Вскоре эти двое вышли из здания и направились в сторону вертолета. Машина уже раскручивала винты. Завидев их, от борта отлепился мужчина в пальто черной кожи – на голове шляпа, на носу солнцезащитные очки, хотя солнца и в помине не было. Напротив, было пасмурно, накрапывал дождик. Даже не дождь, водяная пыль, изморось препротивнейшая летела сегодня в лицо Матвею Петровичу, который чертыхаясь, проворно к вертолету – прыг! Ногу занес, борясь с непослушным брюшком, и в кабину перекатился. А следом ловко запрыгнул и тот, в коже.
К слову – очутись здесь каким-то чудом Федорыч, он бесспорно уловил бы сходство его с тем, который увез несчастного Касимку в неизвестном направлении.
– Трогай! – распорядился Матвей Петрович, как, бывало, предки наши из купеческого сословия ямщикам велели.

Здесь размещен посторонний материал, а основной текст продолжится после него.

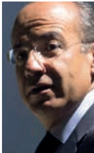
Felipe Calderón Hinojosa

Felipe Ángeles. La discrecionalidad que tienen las fuerzas armadas para manejar presupuestos y que, sin duda alguna, porque las fuerzas armadas no son impolutas, pueden llevar a procesos de corrupción”, advierten los investigadores del CIDE.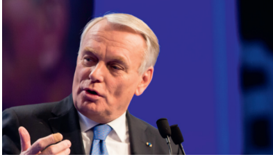
Jean-Marc Ayrault, Premier ministre

Et ce n'est pas un hasard si, parmi tous les mandats, le mandat de maire est le plus apprécié des Françaises et des Français. [...] Et je le rappelle ici aujourd'hui devant vous à ceux qui nous disent que les communes sont dépassées, que 36 000 communes c'est trop, que c'est un handicap pour le pays. Le maire aujourd'hui, et vous le savez mieux que quiconque, c'est celui qui peut aider, c'est le premier élu à qui l'on peut s'adresser, c'est l'élu le plus connu et le recours le plus évident. Et aux yeux de nos concitoyens, et je pense en particulier aux plus modestes, à ceux qui parfois ne savent pas à qui s'adresser, le maire est la démocratie en personne.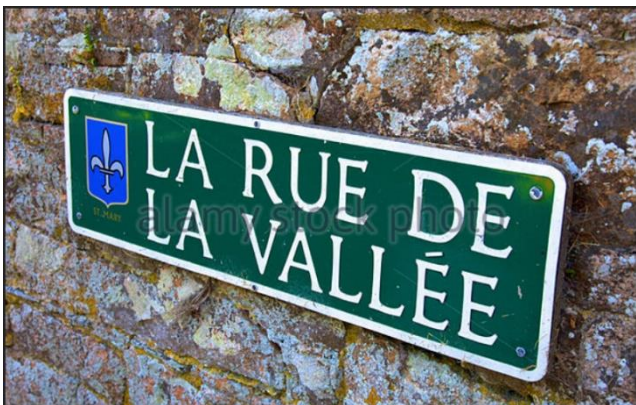
Les rues de Jersey portant un nom français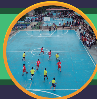
LA HERMANDAD EL HOGAR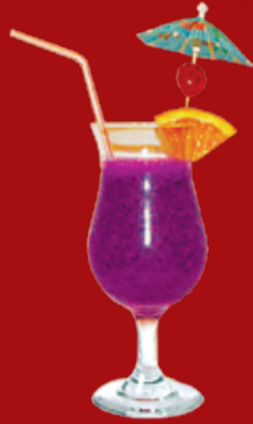
Бара Иро 260.- мякоть моры, джин, клюквенный морс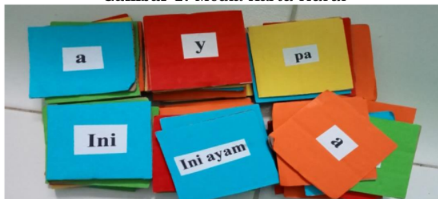
Gambar 1. Media Kartu Huruf

Sedangkan menurut penelitian (Sumantri et al., 2017), media pembelajaran berupa permainan kartu abjad yang diterapkan guru saat pembelajaran bahasa Indonesia berpengaruh terhadap peningkatan kemampuan membaca awal siswa. Oleh karena itu, kartu huruf dapat dirancang sendiri dan digunakan dalam proses pengajaran untuk merangsang vitalitas siswa. Namun huruf abjad yang dimaksud di sini adalah kartu huruf yang dibuat sendiri berbentuk persegi panjang yang terbuat dari karton dan origami, lihat Gambar 1 untuk contoh media gambar.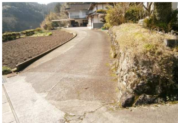
別棟のコンクリート造りの倉庫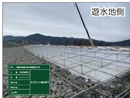
カゴマット設置状況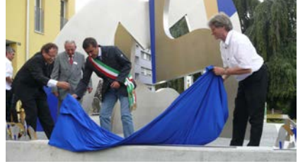
Das Denkmal am Monopoliplatz in Lyss wird enthüllt

2009 , im Rahmen der 1000-Jahr-Feier von Lyss, wurde der Monopoli-Platz beim Bahnhof offiziell eingeweiht. Der heutige Lysser Ehrenbürger und Feintool-Gründer Fritz Bösch spendete das Denkmal «Lyss-Monopoli». Vor Ort war auch eine Delegation der Gemeinde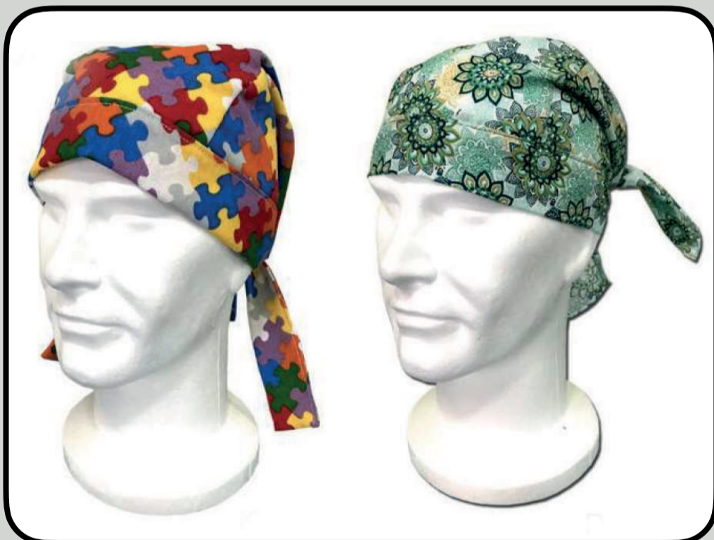
Diferentes estampados que se van actualizando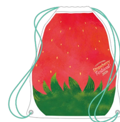
ノベルティイメージ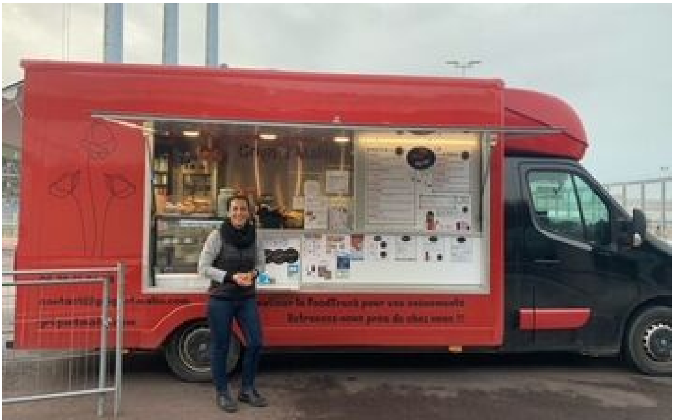
Abonnés EPR de Flamanville : le retard sur le chantier de la centrale nucléaire fait aussi des heureux

Вертолет взревел, как раненый тираннозавр, и начал тяжело всплывать в небо. Потом раскочегарился и пошел-пошел, ускоряясь. Еще секунда, и его поглотила мышиного цвета угрюмая пелена, заполнившая собой весь промежуток между земной поверхностью и космическим пространством.

На следующий день огромный черный автомобиль несся на большой скорости по пустынной дороге, пролегающей неподалеку от утренней суетной Москвы. Перемахнув через холмик, он продолжил путь в сторону маячащего невдалеке леса и вскоре вкатывался в ворота, пробивающие брешь в уходящем в обе стороны глухом заборе внушительной высоты. Табличка на заборе сообщала, что данный объект является охотхозяйством ЗАО НИРЭСКУ. Створки ворот сошлись за автомобилем, и он резво покатил к бревенчатому дому, запрятанному в глубине участка. Там он примазался к компании двух таких же чудовищно огромных и выплюнул из своих недр квадратного типа. Тип тут же ринулся открывать заднюю дверь, из которой колобком выкатился уже знакомый нам Матвей Петрович.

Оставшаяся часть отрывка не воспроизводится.